[Start of Attachment]
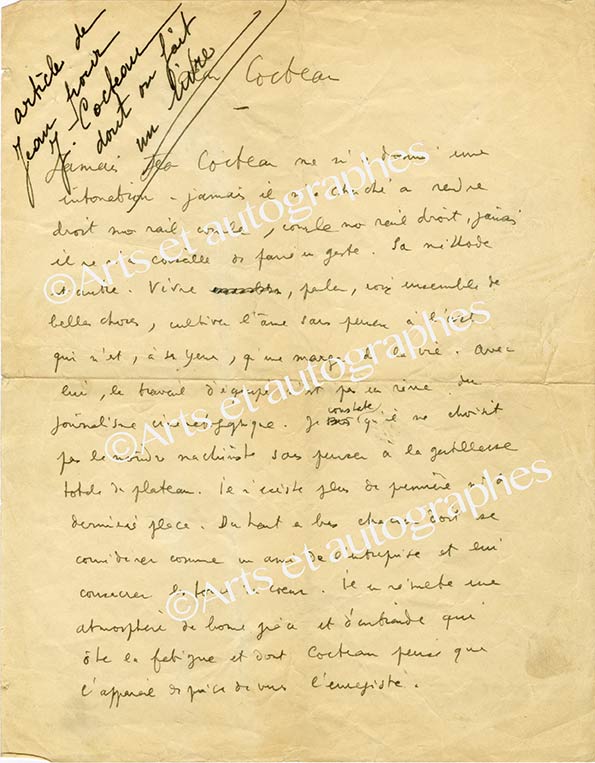 Manuscrit autographeManuscrit autographe intitulé « Jean Cocteau ». 1 page in-4°. Manuscrit dicté par la voix de Jean Marais à Jean Cocteau : « Jamais Jean Cocteau ne m’a donné une intonation - jamais il n’a cherché à rendre droit mon rail...
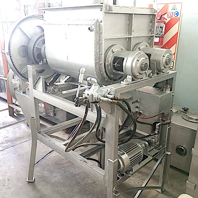 AMASADORA DOBLE ZZ CONSTRUIDA EN ACERO AL CARBONO PARA 200 LITROS DE CAPACIDAD NOMINAL DE CARGA TOTAL, BATEA: ANCHO 610 MM. X 620 MM. DE LARGO X 530 MM. DE ALTURA VUELCO CON BOMBA HIRAULICA MOTORE DE 1 HP. CAMISA DE CALEFACCION ENFRIAMIENTO, DIMENSIONES GENERALES: LARGO 1.700 MM. X 1.250 MM.DE ANCHO X 1.750 MM. DE ALTURA.
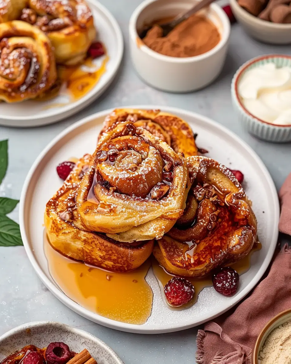 Transform your Cinnamon Roll French Toast into a decadent delight with a variety of toppings. Here are some tasty options to consider:
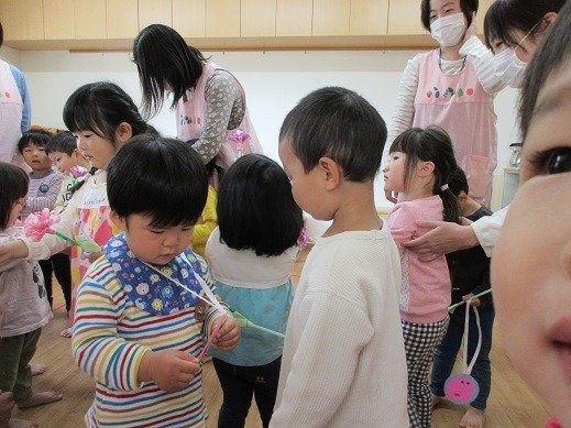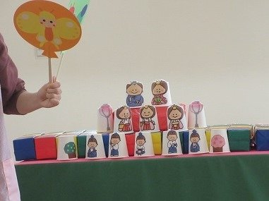 みんなが作ったおひな様を紹介してもらったり、歌に合わせて紙コップで作ったおひな様が完成したりと盛沢山♪
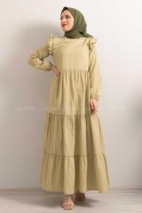 Lamelif Elica Tesettür Elbise Taş Rengi
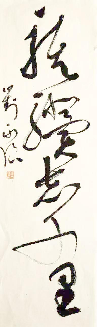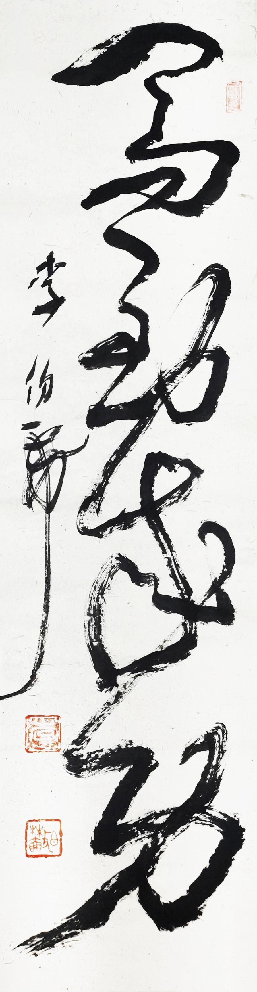 创作思路:《骐骥志千里》以连绵、缠绕的明清调草书笔势以呼应骏马奔腾之势,线条力求内敛且有张力,墨色浓淡、字形大小、欹正、疏密关系均以字势和书写的节奏变化呈现,力求个人性情挥洒和作品的视觉张力。
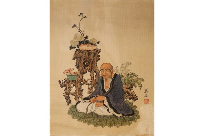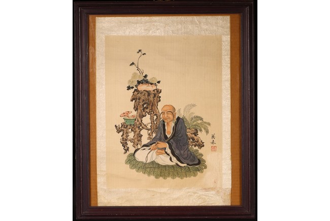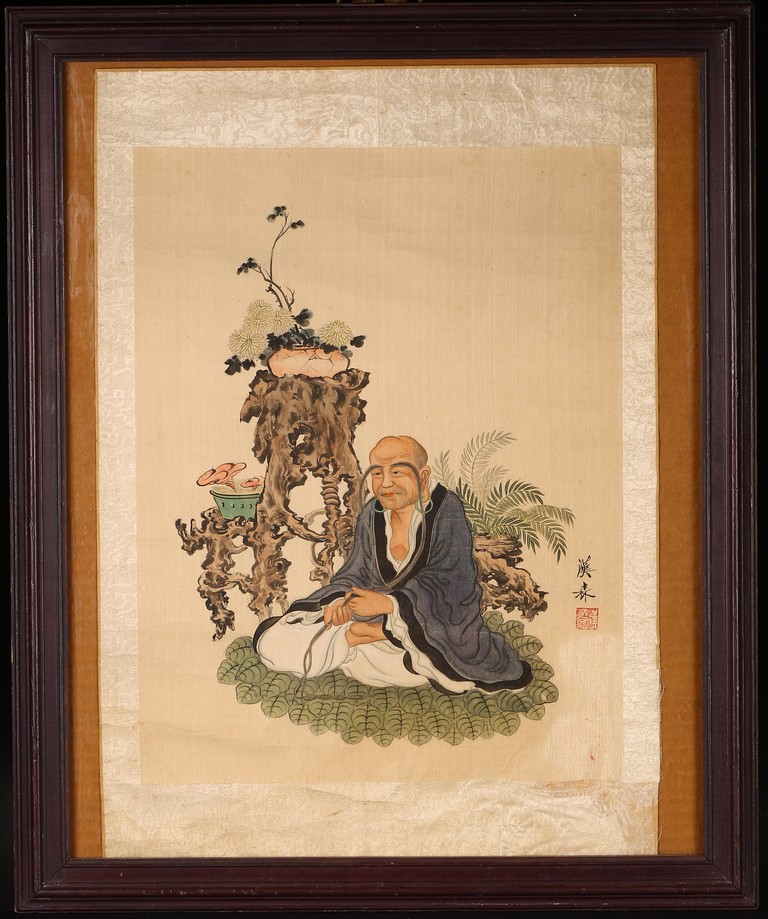 Color and ink on paper. Luohan. Framed. Signed Hai Sen with one seal mark.
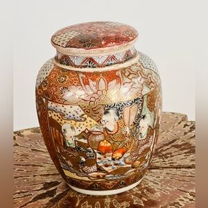 Antique Satsuma Japan Hand Painted Covered Ginger Jar
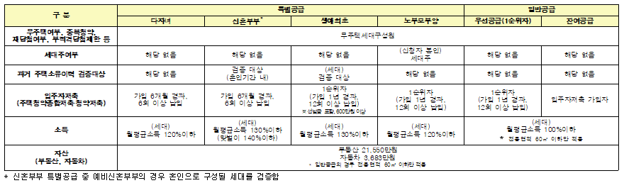 공통사항은 무주택세대구성원 / 부동산 및 자동차 자산 이겠네요.
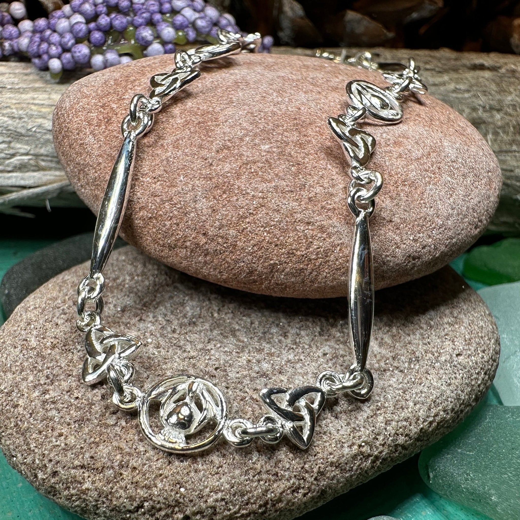 Solid Sterling Silver Thistle and Trinity Knot bracelet.
[End of Attachment]
● **WHAT TO DO**: A faithful, word-for-word version of the records above is needed, with no images in it.

● **RESPONSE TO THE EXERCISE**:
 Manuscrit autographeManuscrit autographe intitulé « Jean Cocteau ». 1 page in-4°. Manuscrit dicté par la voix de Jean Marais à Jean Cocteau : « Jamais Jean Cocteau ne m’a donné une intonation - jamais il n’a cherché à rendre droit mon rail...
 AMASADORA DOBLE ZZ CONSTRUIDA EN ACERO AL CARBONO PARA 200 LITROS DE CAPACIDAD NOMINAL DE CARGA TOTAL, BATEA: ANCHO 610 MM. X 620 MM. DE LARGO X 530 MM. DE ALTURA VUELCO CON BOMBA HIRAULICA MOTORE DE 1 HP. CAMISA DE CALEFACCION ENFRIAMIENTO, DIMENSIONES GENERALES: LARGO 1.700 MM. X 1.250 MM.DE ANCHO X 1.750 MM. DE ALTURA.
 Transform your Cinnamon Roll French Toast into a decadent delight with a variety of toppings. Here are some tasty options to consider:
 みんなが作ったおひな様を紹介してもらったり、歌に合わせて紙コップで作ったおひな様が完成したりと盛沢山♪
 Lamelif Elica Tesettür Elbise Taş Rengi
 创作思路:《骐骥志千里》以连绵、缠绕的明清调草书笔势以呼应骏马奔腾之势,线条力求内敛且有张力,墨色浓淡、字形大小、欹正、疏密关系均以字势和书写的节奏变化呈现,力求个人性情挥洒和作品的视觉张力。
 Color and ink on paper. Luohan. Framed. Signed Hai Sen with one seal mark.
 Antique Satsuma Japan Hand Painted Covered Ginger Jar
 공통사항은 무주택세대구성원 / 부동산 및 자동차 자산 이겠네요.
 Solid Sterling Silver Thistle and Trinity Knot bracelet.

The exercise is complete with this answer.